(Extracted records)

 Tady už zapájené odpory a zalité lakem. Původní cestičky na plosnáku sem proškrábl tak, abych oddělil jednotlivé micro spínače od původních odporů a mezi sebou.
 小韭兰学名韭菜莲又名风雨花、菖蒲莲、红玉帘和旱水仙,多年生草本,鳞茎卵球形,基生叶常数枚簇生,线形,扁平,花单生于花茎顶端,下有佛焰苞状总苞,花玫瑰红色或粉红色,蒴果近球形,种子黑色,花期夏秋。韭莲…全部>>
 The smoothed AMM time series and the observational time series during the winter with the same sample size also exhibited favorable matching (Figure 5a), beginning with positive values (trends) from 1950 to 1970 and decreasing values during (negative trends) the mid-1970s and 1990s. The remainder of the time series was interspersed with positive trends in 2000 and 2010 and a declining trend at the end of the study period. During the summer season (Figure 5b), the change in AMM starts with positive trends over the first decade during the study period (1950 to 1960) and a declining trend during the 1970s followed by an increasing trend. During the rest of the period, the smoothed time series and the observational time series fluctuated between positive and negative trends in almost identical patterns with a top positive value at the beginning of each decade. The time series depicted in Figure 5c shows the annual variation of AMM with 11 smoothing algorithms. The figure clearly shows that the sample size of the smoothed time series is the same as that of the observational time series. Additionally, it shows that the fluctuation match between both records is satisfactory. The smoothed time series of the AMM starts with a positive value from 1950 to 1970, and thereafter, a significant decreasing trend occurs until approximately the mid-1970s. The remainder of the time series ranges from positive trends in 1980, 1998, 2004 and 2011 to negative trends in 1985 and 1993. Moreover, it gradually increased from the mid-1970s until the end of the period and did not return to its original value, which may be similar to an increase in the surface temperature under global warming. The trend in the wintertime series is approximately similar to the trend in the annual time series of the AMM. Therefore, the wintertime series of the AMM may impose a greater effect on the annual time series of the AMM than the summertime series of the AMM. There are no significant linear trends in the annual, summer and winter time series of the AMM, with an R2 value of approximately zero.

(End Extracted records)
(Extracted records)

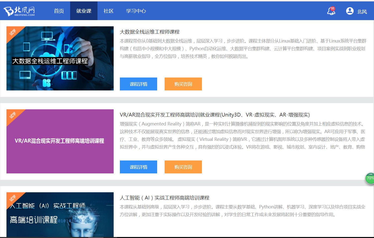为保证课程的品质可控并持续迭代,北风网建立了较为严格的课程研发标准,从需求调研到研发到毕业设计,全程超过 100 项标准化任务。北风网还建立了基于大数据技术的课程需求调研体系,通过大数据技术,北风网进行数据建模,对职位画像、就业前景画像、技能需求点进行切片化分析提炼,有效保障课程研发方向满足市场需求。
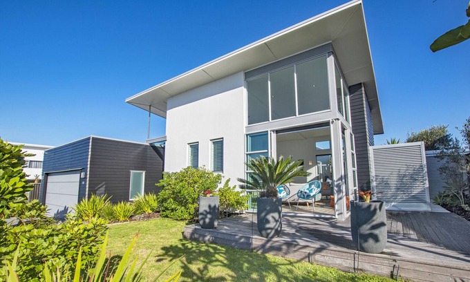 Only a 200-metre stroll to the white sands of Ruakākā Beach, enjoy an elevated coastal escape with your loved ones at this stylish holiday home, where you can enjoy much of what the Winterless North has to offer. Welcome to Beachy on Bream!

(End Extracted records)

Work to be completed: All lines above from the one containing "Tady už zapájené" to the one containing "小韭兰学名韭菜莲又名风雨花、" must be repeated exactly, both lines included, and no others.

Answer space:
 Tady už zapájené odpory a zalité lakem. Původní cestičky na plosnáku sem proškrábl tak, abych oddělil jednotlivé micro spínače od původních odporů a mezi sebou.
 小韭兰学名韭菜莲又名风雨花、菖蒲莲、红玉帘和旱水仙,多年生草本,鳞茎卵球形,基生叶常数枚簇生,线形,扁平,花单生于花茎顶端,下有佛焰苞状总苞,花玫瑰红色或粉红色,蒴果近球形,种子黑色,花期夏秋。韭莲…全部>>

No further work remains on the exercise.